Task description:
Once you find the line with "Mübarek, sosyal medyada" in the data that follows, repeat it and every line after it exactly, through the line with "You decide to".

BEGIN

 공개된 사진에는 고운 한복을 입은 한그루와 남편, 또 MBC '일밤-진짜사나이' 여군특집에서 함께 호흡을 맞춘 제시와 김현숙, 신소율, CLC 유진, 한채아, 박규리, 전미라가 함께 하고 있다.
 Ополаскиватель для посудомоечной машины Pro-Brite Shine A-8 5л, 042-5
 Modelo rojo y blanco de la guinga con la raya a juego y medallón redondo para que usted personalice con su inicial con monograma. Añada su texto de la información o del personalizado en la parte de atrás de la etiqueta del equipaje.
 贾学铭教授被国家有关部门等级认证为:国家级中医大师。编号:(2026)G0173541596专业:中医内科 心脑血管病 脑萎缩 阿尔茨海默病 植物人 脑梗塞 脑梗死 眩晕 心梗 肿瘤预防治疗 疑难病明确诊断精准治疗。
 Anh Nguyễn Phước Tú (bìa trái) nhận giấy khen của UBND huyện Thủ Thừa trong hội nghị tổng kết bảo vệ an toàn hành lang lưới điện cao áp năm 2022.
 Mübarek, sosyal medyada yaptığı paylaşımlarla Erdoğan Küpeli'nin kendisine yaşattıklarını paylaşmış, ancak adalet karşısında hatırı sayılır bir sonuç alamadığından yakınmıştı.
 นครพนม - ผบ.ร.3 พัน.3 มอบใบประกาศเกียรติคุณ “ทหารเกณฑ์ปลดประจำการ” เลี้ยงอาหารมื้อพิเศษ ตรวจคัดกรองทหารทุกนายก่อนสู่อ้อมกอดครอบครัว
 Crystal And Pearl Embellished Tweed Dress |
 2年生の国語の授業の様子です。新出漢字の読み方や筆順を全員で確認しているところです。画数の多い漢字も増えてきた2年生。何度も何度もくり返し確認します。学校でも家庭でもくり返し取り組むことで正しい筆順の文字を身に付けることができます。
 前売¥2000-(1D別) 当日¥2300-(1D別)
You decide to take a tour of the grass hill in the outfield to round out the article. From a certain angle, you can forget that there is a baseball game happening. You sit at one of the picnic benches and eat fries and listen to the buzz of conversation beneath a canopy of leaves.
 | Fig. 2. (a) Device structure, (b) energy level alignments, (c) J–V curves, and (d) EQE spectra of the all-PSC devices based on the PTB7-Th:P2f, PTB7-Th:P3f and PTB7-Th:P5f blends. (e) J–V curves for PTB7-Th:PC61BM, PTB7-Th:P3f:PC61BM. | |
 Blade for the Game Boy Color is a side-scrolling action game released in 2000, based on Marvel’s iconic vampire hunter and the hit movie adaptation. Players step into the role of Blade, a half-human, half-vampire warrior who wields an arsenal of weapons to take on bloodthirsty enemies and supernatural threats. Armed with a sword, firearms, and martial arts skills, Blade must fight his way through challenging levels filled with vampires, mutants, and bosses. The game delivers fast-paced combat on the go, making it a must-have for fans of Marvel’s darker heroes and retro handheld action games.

END

The answer:
 Mübarek, sosyal medyada yaptığı paylaşımlarla Erdoğan Küpeli'nin kendisine yaşattıklarını paylaşmış, ancak adalet karşısında hatırı sayılır bir sonuç alamadığından yakınmıştı.
 นครพนม - ผบ.ร.3 พัน.3 มอบใบประกาศเกียรติคุณ “ทหารเกณฑ์ปลดประจำการ” เลี้ยงอาหารมื้อพิเศษ ตรวจคัดกรองทหารทุกนายก่อนสู่อ้อมกอดครอบครัว
 Crystal And Pearl Embellished Tweed Dress |
 2年生の国語の授業の様子です。新出漢字の読み方や筆順を全員で確認しているところです。画数の多い漢字も増えてきた2年生。何度も何度もくり返し確認します。学校でも家庭でもくり返し取り組むことで正しい筆順の文字を身に付けることができます。
 前売¥2000-(1D別) 当日¥2300-(1D別)
You decide to take a tour of the grass hill in the outfield to round out the article. From a certain angle, you can forget that there is a baseball game happening. You sit at one of the picnic benches and eat fries and listen to the buzz of conversation beneath a canopy of leaves.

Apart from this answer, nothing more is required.